We are seeing a very intermittent problem where a request hangs in the server for exact multiples of 30 secs ( we have seen hangs of 30 – 180 secs). This usually involves 2 threads on the same pid hanging. It is in the server, or maybe between the server
and mod_jk, but it is happening in the server tier. At first we suspected connection pool/connection re-use in mod_jk so we eventually disabled both. Connections are now created and dismantled for every request. We can see the packets coming in at time t and
then the request from apache being forwarded to the app server tier at t+n*30. We see no issues with sockets establishing connections, indeed we see the hang before the initial socket SYN is sent. So we now believe that it is not a network issue
This is not a busy server, and so unlikely related to load. vmstat and sar both show nothing going on on the system when this hang occurs.
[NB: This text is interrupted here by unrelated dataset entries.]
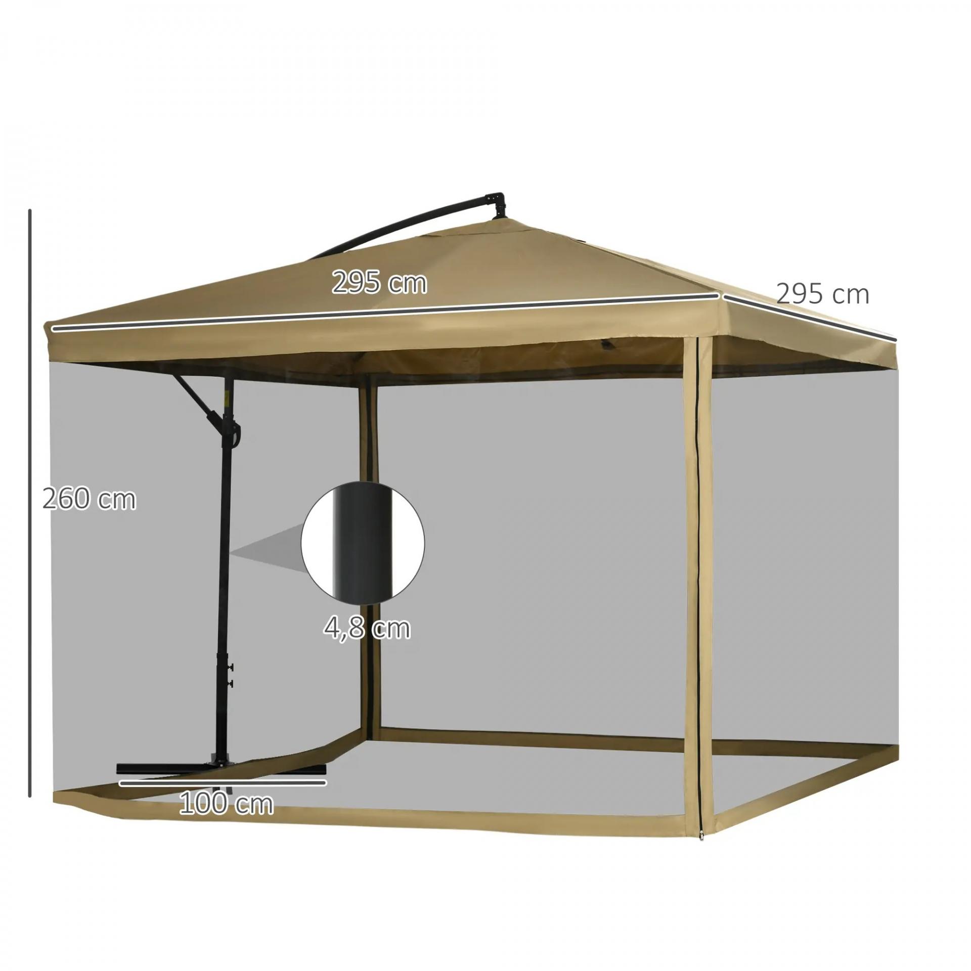 Sombrilla de Jardín Excéntrica 296x296x265 cm con Manivela Mosquitera y Base Cruzada para Terraza Patio Color Beige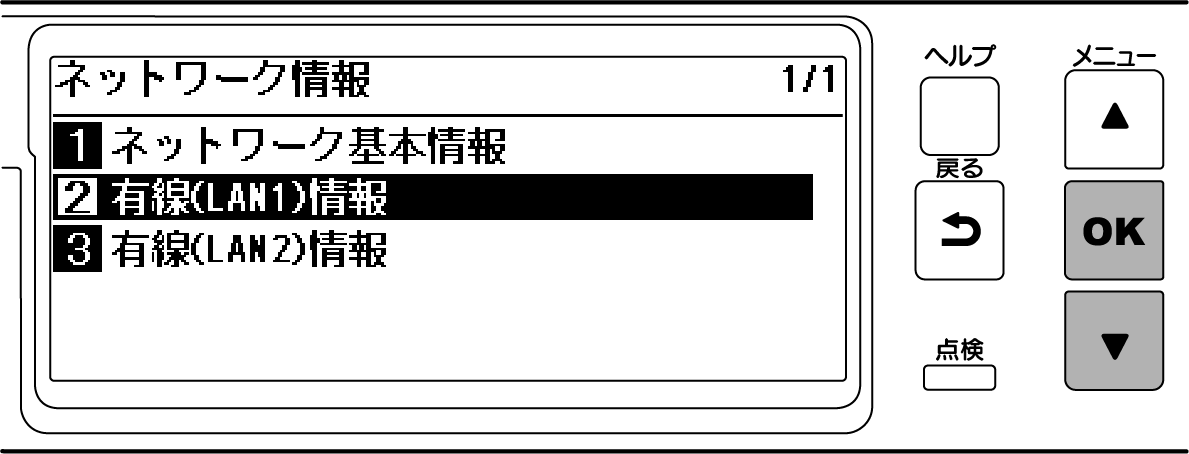 ▼を押して、[有線(LAN1)情報]を選択し、《OK》を押します。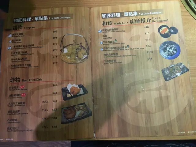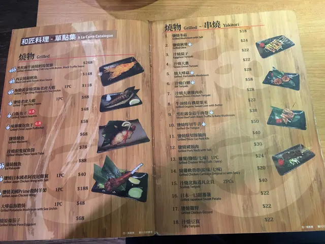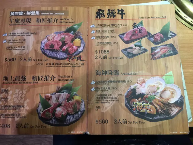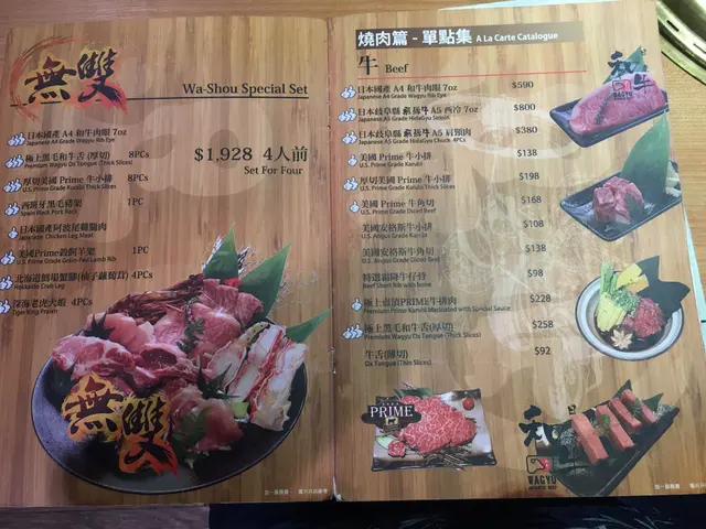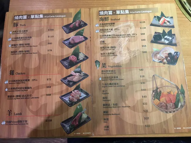 我哋睇咗餐牌先ORDER咗美國PRIME牛小排、美國PRIME牛角切、豚腩肉(鹽燒)和日本產帆立貝, 磯煮鮑魚, 沙律, 雜錦天婦羅和海膽冷稻庭手打烏冬等等, 真係好多選擇, 唔只燒肉咁簡單。

Garbage collection is also not an issue.
With apache logging on level trace8 for the tid with the problem, we see (*** marks removed text) the clear delay between request/response.
[Wed Sep 25 10:51:00.188705 2013] [http:trace4] [pid 28203:tid 140532468623104] http_request.c(305): [client ***:43707] Connection: keep-alive, referer: ****
[Wed Sep 25 10:51:00.188712 2013] [http:trace4] [pid 28203:tid 140532468623104] http_request.c(305): [client ***:43707] If-Modified-Since: Wed, 11 Sep 2013 18:34:32 GMT, ****
[Wed Sep 25 10:51:00.188720 2013] [http:trace4] [pid 28203:tid 140532468623104] http_request.c(305): [client ***:43707] If-None-Match: W/\\"2610-1378924472000\\", referer: ****
[Wed Sep 25 10:51:00.188727 2013] [http:trace4] [pid 28203:tid 140532468623104] http_request.c(305): [client ***:43707] Cache-Control: max-age=0, referer: ***
[Wed Sep 25 10:51:00.188734 2013] [http:trace4] [pid 28203:tid 140532468623104] http_request.c(305): [client ***:43707] X-Forwarded-For: ****
[Wed Sep 25 10:51:00.188767 2013] [rewrite:trace2] [pid 28203:tid 140532468623104] mod_rewrite.c(468): [client ***:43707] 206.108.42.133 - -**** init rewrite engine with requested uri ***
[Wed Sep 25 10:51:00.188784 2013] [rewrite:trace1] [pid 28203:tid 140532468623104] mod_rewrite.c(468): [client ***:43707] 206.108.42.133 - - [****][rid#7fd030072280/initial] pass through ***, referer: ***
[Wed Sep 25 10:51:00.188812 2013] [authz_core:debug] [pid 28203:tid 140532468623104] mod_authz_core.c(828): [client ***:43707] AH01628: authorization result: granted (no directives), referer: ****
[Wed Sep 25 10:51:00.188821 2013] [core:trace3] [pid 28203:tid 140532468623104] request.c(227): [client ***:43707] request authorized without authentication by access_checker_ex hook: ***
[Wed Sep 25 10:51:00.188841 2013] [charset_lite:trace3] [pid 28203:tid 140532468623104] mod_charset_lite.c(211): [client***:43707] uri: *** file: *** method: 0 imt: text/css flags: (null)->(null), referer: ***
[Wed Sep 25 10:51:00.188852 2013] [charset_lite:debug] [pid 28203:tid 140532468623104] mod_charset_lite.c(219): [client ***:43707] AH01448: incomplete configuration: src unspecified, dst unspecified, referer: ***
[Wed Sep 25 10:52:35.693776 2013] [core:trace6] [pid 28172:tid 140532468623104] core_filters.c(525): [client ***:10778] core_output_filter: flushing because of FLUSH bucket
[Wed Sep 25 10:53:30.202645 2013] [deflate:trace1] [pid 28203:tid 140532468623104] mod_deflate.c(490): [client ***:43707] Not compressing very small response of 0 bytes, referer:
***
[Wed Sep 25 10:53:30.202686 2013] [http:trace3] [pid 28203:tid 140532468623104] http_filters.c(963): [client ***:43707] Response sent with status 304, headers:, referer: ***
mod_jk logging at debug: We see evidence of the hang there but no smoking gun. Again just a delay of some multiple of 30 second.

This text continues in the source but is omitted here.